**Raw data:**
# # #

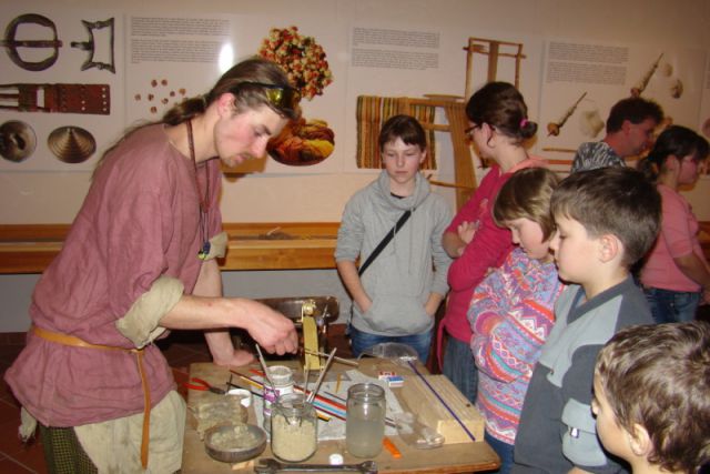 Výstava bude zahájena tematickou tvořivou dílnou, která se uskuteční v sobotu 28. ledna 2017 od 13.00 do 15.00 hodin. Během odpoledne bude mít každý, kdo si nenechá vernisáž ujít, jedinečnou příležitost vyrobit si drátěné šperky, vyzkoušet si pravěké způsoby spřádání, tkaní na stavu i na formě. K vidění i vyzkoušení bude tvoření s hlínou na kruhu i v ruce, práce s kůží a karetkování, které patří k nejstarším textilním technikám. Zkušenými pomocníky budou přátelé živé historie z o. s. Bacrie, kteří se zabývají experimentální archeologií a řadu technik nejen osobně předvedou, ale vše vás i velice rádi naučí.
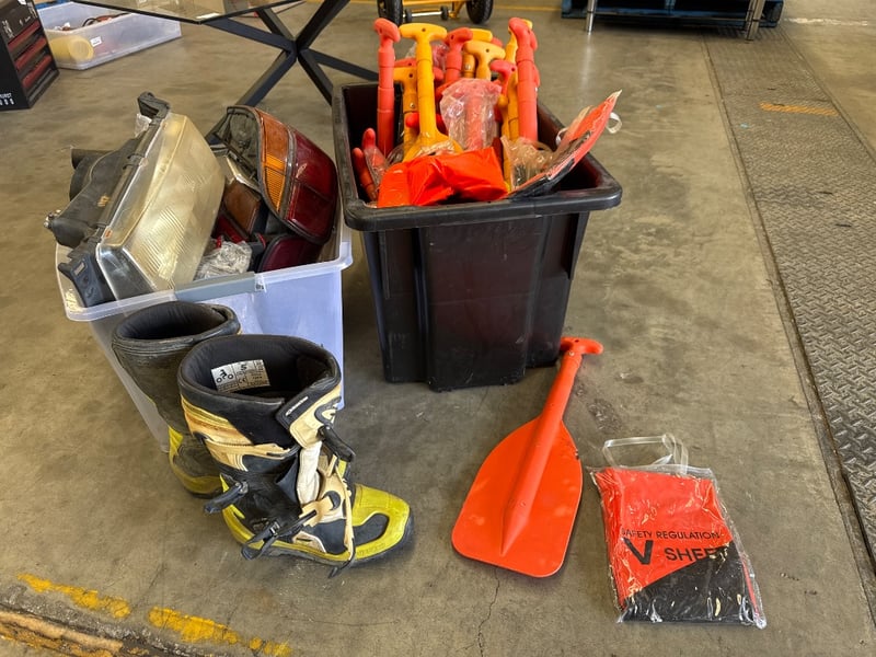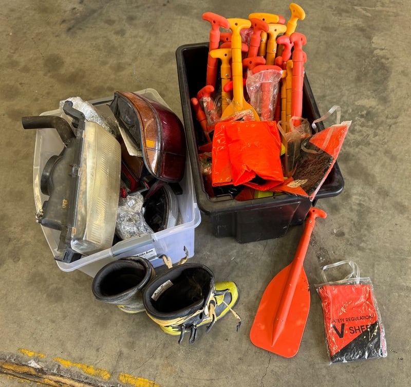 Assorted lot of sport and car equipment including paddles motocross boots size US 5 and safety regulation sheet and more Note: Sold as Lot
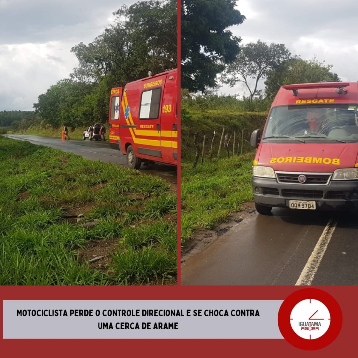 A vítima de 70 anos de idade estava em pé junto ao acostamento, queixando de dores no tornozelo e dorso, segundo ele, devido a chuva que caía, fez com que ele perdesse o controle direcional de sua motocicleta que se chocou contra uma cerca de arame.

# # #

**Your instructions:**
For this exercise, return the data above exactly and leave every picture out.

**Completed task:**
 Výstava bude zahájena tematickou tvořivou dílnou, která se uskuteční v sobotu 28. ledna 2017 od 13.00 do 15.00 hodin. Během odpoledne bude mít každý, kdo si nenechá vernisáž ujít, jedinečnou příležitost vyrobit si drátěné šperky, vyzkoušet si pravěké způsoby spřádání, tkaní na stavu i na formě. K vidění i vyzkoušení bude tvoření s hlínou na kruhu i v ruce, práce s kůží a karetkování, které patří k nejstarším textilním technikám. Zkušenými pomocníky budou přátelé živé historie z o. s. Bacrie, kteří se zabývají experimentální archeologií a řadu technik nejen osobně předvedou, ale vše vás i velice rádi naučí.
 Assorted lot of sport and car equipment including paddles motocross boots size US 5 and safety regulation sheet and more Note: Sold as Lot
 A vítima de 70 anos de idade estava em pé junto ao acostamento, queixando de dores no tornozelo e dorso, segundo ele, devido a chuva que caía, fez com que ele perdesse o controle direcional de sua motocicleta que se chocou contra uma cerca de arame.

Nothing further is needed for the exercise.